Budge came over to me grinning. “I got a girl in the bedroom,” he whispered.

“Yeah, I saw her. She looks nice.”

“Gonna get my knob polished!”

“That should be fun,” I said. “Listen, I’m going to turn the music down a little bit so Sharpnick doesn’t get wind of the party. You don’t want her swooping in on her broomstick and spoiling all the fun.”

“Aw-screw her,” he said with drunken courage. “She ain’t nothing but a walking skeleton. Pete knows how to handle her.”

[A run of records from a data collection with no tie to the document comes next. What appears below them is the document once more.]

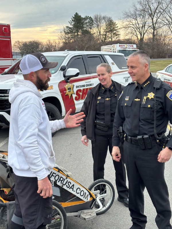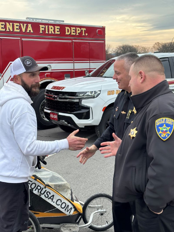 With members from the Geneva Police and Fire Departments, along with the Ontario County Sheriff’s Office, including Sheriff David Cirencione, and New York State Police set to guide him through the county, Coughlan greeted each as he made his way to Seneca Lake State Park on Routes 5 and 20. Coughlan said one of the goals he set for this run is to promote unity across the country.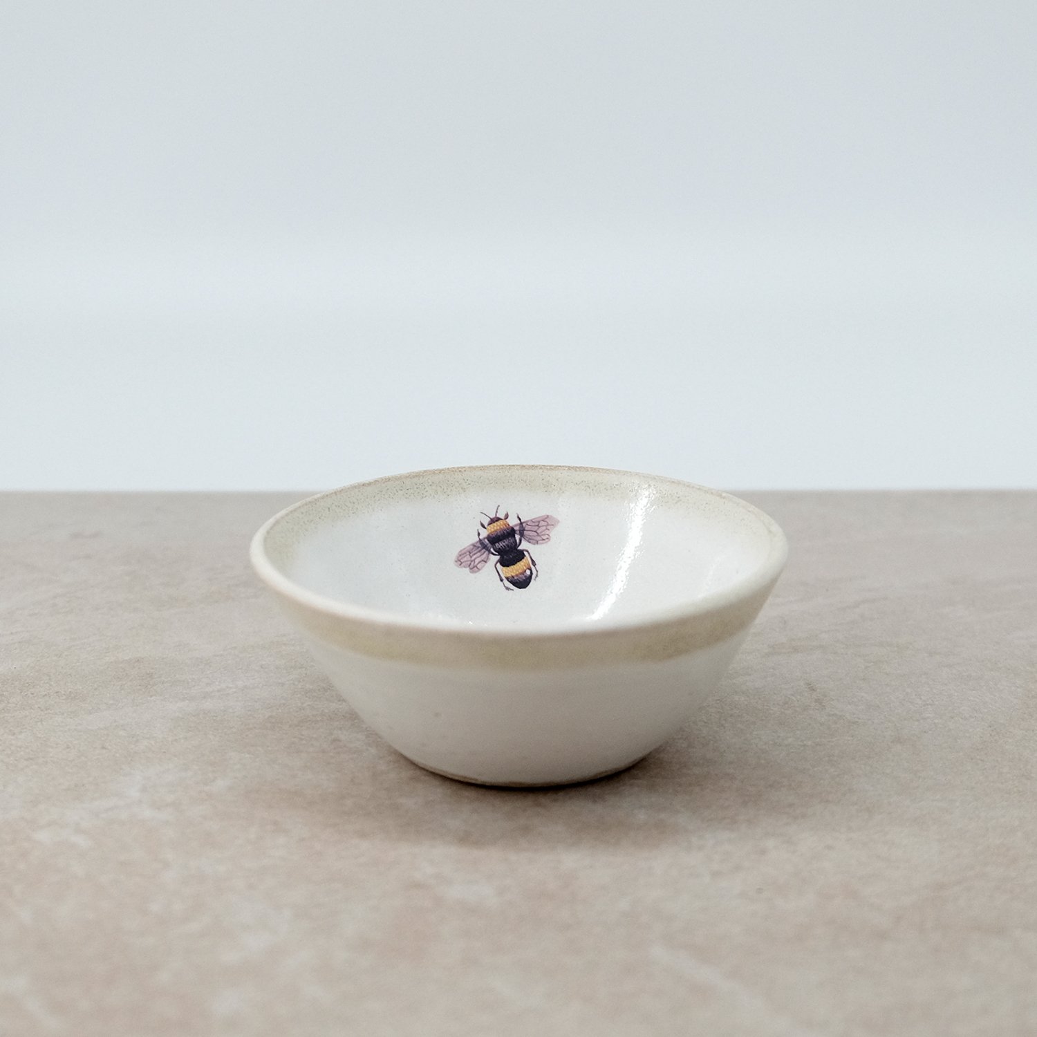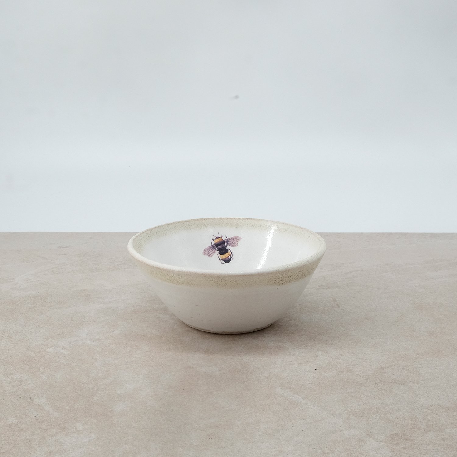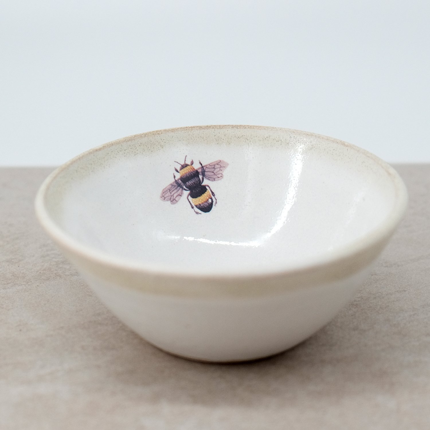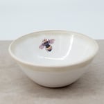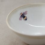 This bowl was individually wheel-thrown from vitrified stoneware clay. It is double-dipped in white and cream toned glazes, creating gentle variations that make every piece unique. My bee illustration is reproduced as a decal and carefully fired onto the glazed surface.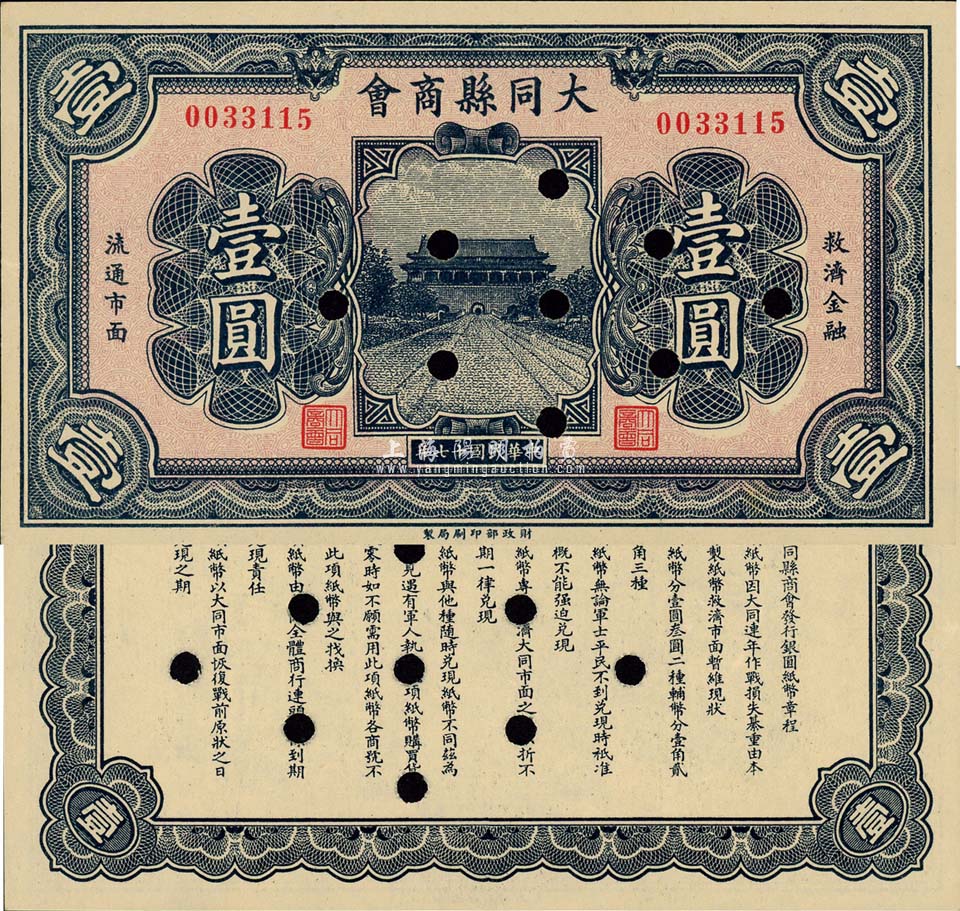民国十七年(1928年)大同县商会壹圆,财政部印刷局制,背面章程中有“大同连年作战损失”等内容;森本勇先生藏品,已打孔注销,九成新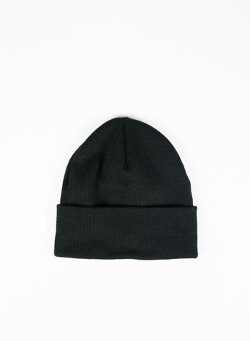 Cappello unisex in maglia con risvolto e logo sul davanti.

As if on cue, Pete entered the room from the kitchen, wearing his pea-coat with the collar turned up. I assumed he had come into the house through the back door, same as Budge and his girl. He stopped just inside the living room and glanced around with darting eyes.

“Hey, look, it’s Party Pete!” Budge yelled, drawing everyone’s attention to the ex-sailor.

Squaring his shoulders and sticking out his chest, Pete marched over to the stereo and turned the volume down to a conversational level.

“Negative,” he said. “I’m not partying tonight. Got an oh-six-hundred wakeup mañana. So let’s keep the noise down. We don’t want the shore patrol showing up.”

“Loosen up, Moe,” Reggie said, coming up for air. “It’s only ten-thirty.”

“Yeah, man, it’s Saturday night!” Budge said. “Time for a party! Grab a girl and join in.”

“What you mean you ain’t partying tonight?” Reggie’s hottie said, sniffing. “You smell like you just put one out.”

“You’re crazy,” Pete said, backing away. “You better keep the noise down, if you know what’s good for you.”

He glared at Reggie and the girl for a few seconds, then turned on his heel and marched down the hall and into his bedroom, slamming the door behind him. He had completely dropped all pretense of respect or friendship toward me and Reggie.

“You see that shit?” Candyman said. He was sitting up on the couch with a disgusted look on his face.

“I know,” Budge said, his jolly mood punctured. “If Pete don’t want to party, he don’t want nobody else to party either.”

“Nah,” Candyman said, shaking his head in an anti-Shoshana manner.

“What?” Budge said.

“That little sumbitch wearing new boots.”

“Whurd he get money for new kicks?” Budge said.

“That’s what I want to know,” Candyman said, angrily. “Look like Wolverines. Hundred bucks a pair.”